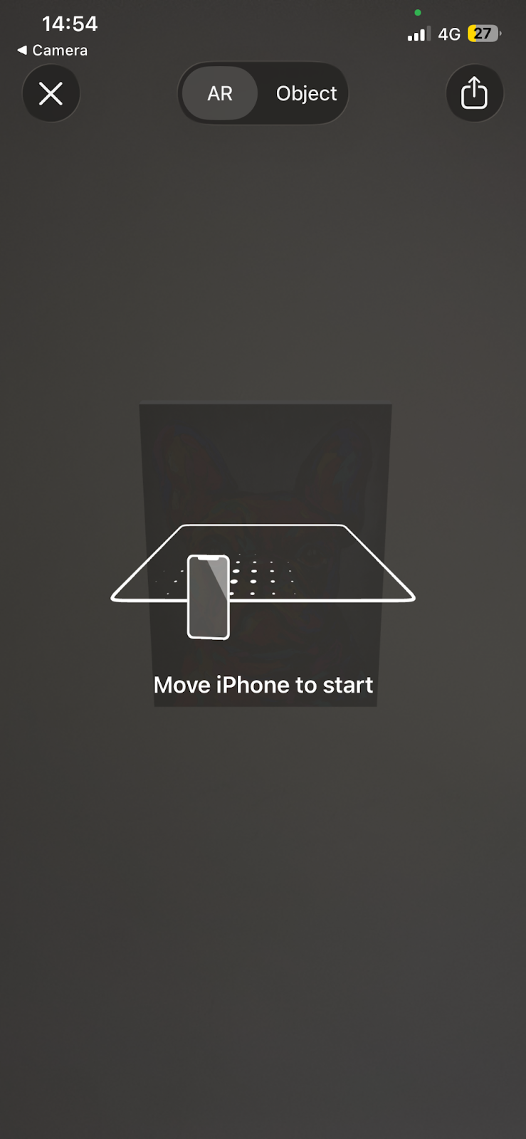 - Lastly, it will take you to the AR feature. You can view the artwork in your room and on your walls. You will have to move your phone around the room, as advised in the instructions that the AR feature will guide you through and as seen in the image below, this will allow the feature to be as realistic as possible in the room you're trying to view the artwork in.
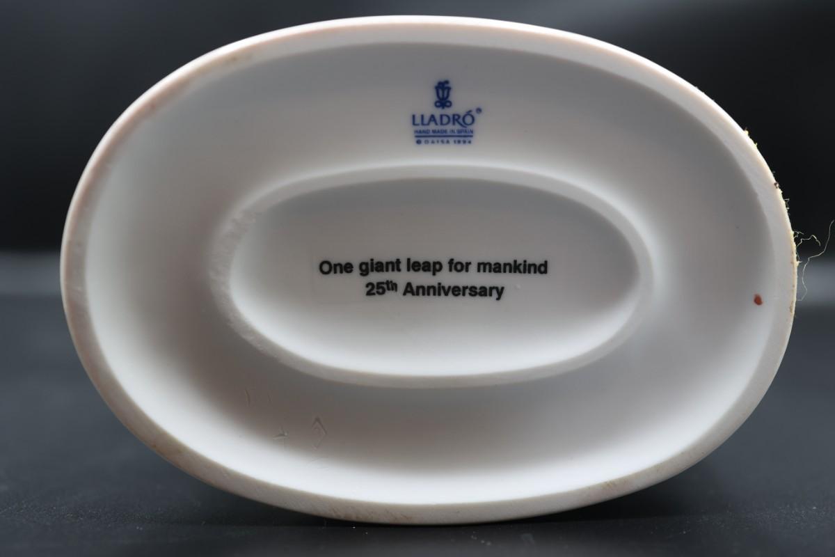 Porcelain sculpture titled "The Apollo Landing" by Lladró, commemorating the 25th anniversary of the Apollo 11 moon landing. Comes with certificate of authenticity and in Perfect condition.
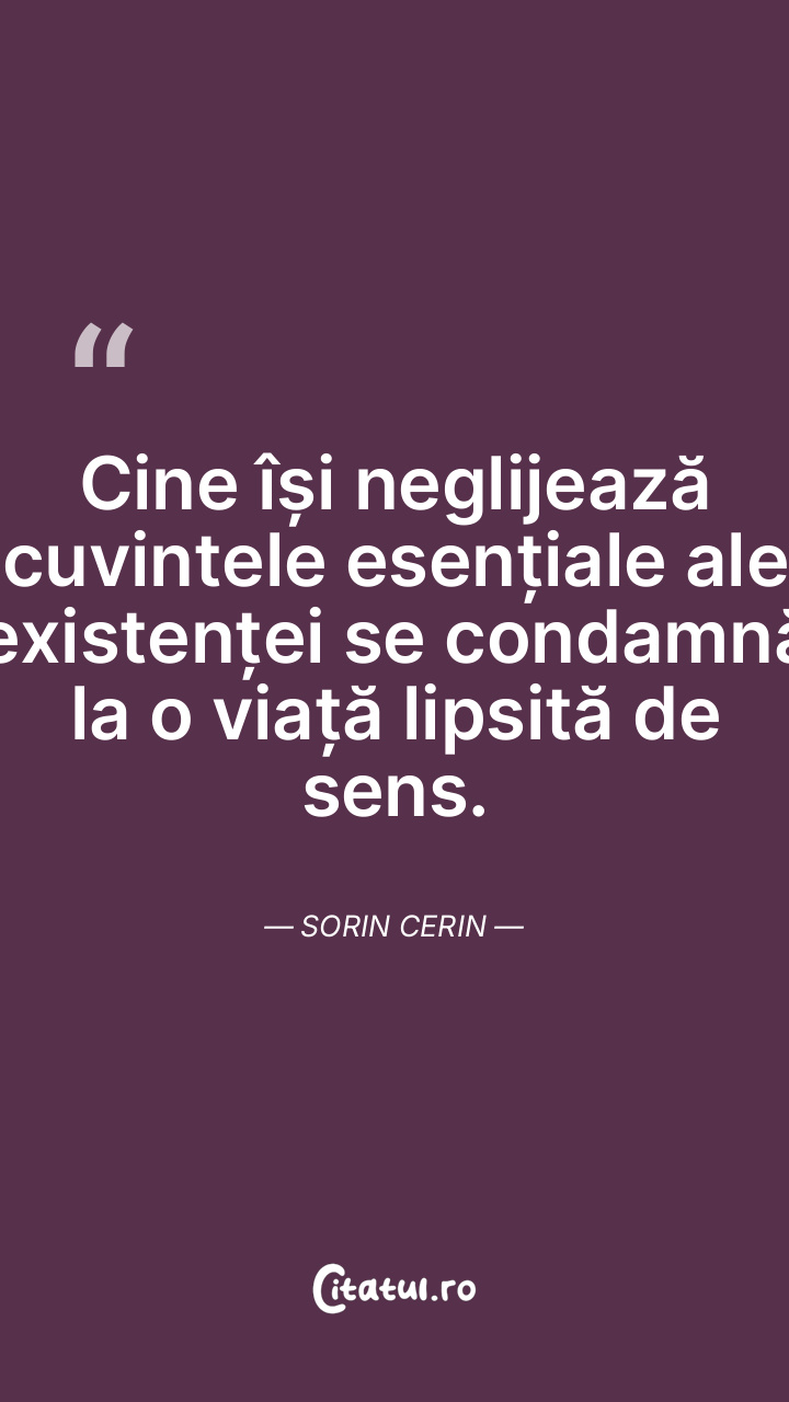 Cine își neglijează cuvintele esențiale ale existenței se condamnă la o viață lipsită de sens. Sorin Cerin
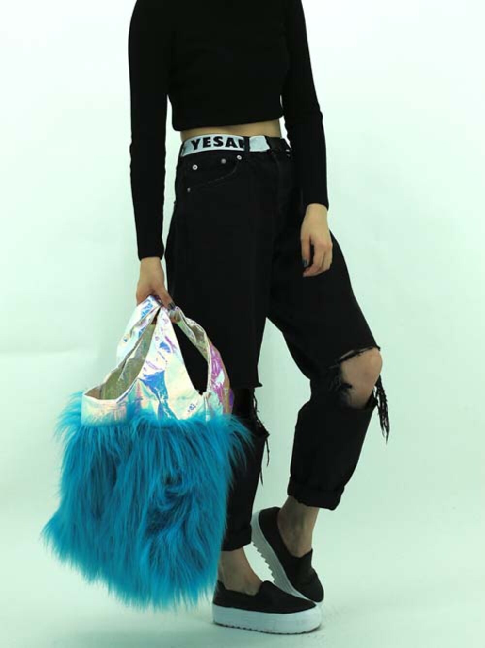 Big Fur Tote Blue from YESTOTES AW14 collection. YESTOTES AW14 available on Yesah.net!
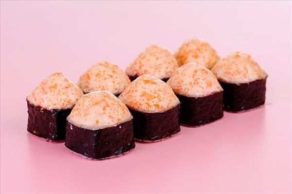 Рис, соус сырный с икрой масаго, курица копченая, лист салата, помидор, нори
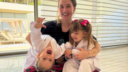 No material de Maria Flor, a menina de 1 ano aparece em uma colagem floral. Já Maria Alice, 3, surge em meio a asas de borboleta. Brincando, ela escreveu na legenda uma risada: "Muito bom".
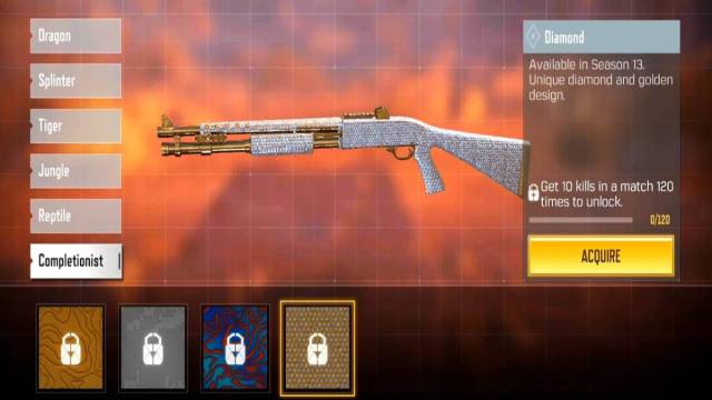 For example, if you want to unlock Sniper Rifle Diamond Camo, you must kill 10 enemies per match 120 times (1200 in total). Right now, a total of 7 Snipers are available in the game, and to unlock Diamond Camo for each Sniper Rifle, you need to get 8400 kills in total.

= TASK =
Extract the run of lines beginning with the line that holds "Рис, соус сырный" and ending at the last line of the data, inclusive. Exclude any pictures from the copy.

= WORKED SOLUTION =
 Рис, соус сырный с икрой масаго, курица копченая, лист салата, помидор, нори
 No material de Maria Flor, a menina de 1 ano aparece em uma colagem floral. Já Maria Alice, 3, surge em meio a asas de borboleta. Brincando, ela escreveu na legenda uma risada: "Muito bom".
 For example, if you want to unlock Sniper Rifle Diamond Camo, you must kill 10 enemies per match 120 times (1200 in total). Right now, a total of 7 Snipers are available in the game, and to unlock Diamond Camo for each Sniper Rifle, you need to get 8400 kills in total.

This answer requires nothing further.